*THE DATA:*
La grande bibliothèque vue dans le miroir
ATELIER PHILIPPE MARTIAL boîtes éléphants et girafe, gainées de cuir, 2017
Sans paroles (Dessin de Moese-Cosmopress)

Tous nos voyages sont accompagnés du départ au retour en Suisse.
--
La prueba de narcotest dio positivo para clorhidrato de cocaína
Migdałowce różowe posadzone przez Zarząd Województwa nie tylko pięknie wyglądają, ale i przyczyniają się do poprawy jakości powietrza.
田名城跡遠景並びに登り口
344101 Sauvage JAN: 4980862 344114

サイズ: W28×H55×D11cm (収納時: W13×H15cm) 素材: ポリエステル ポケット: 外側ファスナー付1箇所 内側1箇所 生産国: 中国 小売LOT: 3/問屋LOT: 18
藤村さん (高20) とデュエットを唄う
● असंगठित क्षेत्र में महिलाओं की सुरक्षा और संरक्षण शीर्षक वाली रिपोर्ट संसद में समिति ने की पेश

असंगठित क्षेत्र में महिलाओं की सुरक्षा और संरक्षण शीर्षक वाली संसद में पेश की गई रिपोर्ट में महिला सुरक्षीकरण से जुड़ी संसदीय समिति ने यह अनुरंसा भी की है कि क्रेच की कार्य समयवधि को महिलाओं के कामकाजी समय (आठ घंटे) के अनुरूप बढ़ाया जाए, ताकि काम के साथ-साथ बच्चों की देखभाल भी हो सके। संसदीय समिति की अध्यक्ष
==
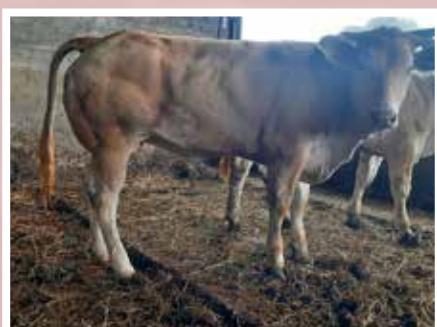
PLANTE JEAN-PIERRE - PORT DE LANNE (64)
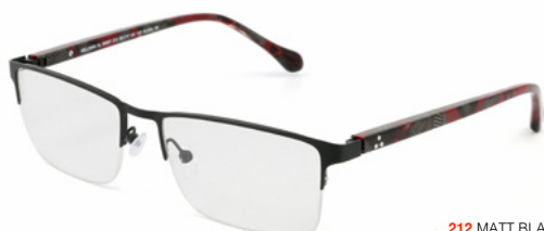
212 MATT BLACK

*WHAT IS BEING ASKED:* Within the listing above, give again exactly every line from the line with "藤村さん (高20) とデュエットを唄う" through the line with "समिति की अध्यक्ष", both included, and no other line.

*EXPECTED ANSWER:*
藤村さん (高20) とデュエットを唄う
● असंगठित क्षेत्र में महिलाओं की सुरक्षा और संरक्षण शीर्षक वाली रिपोर्ट संसद में समिति ने की पेश

असंगठित क्षेत्र में महिलाओं की सुरक्षा और संरक्षण शीर्षक वाली संसद में पेश की गई रिपोर्ट में महिला सुरक्षीकरण से जुड़ी संसदीय समिति ने यह अनुरंसा भी की है कि क्रेच की कार्य समयवधि को महिलाओं के कामकाजी समय (आठ घंटे) के अनुरूप बढ़ाया जाए, ताकि काम के साथ-साथ बच्चों की देखभाल भी हो सके। संसदीय समिति की अध्यक्ष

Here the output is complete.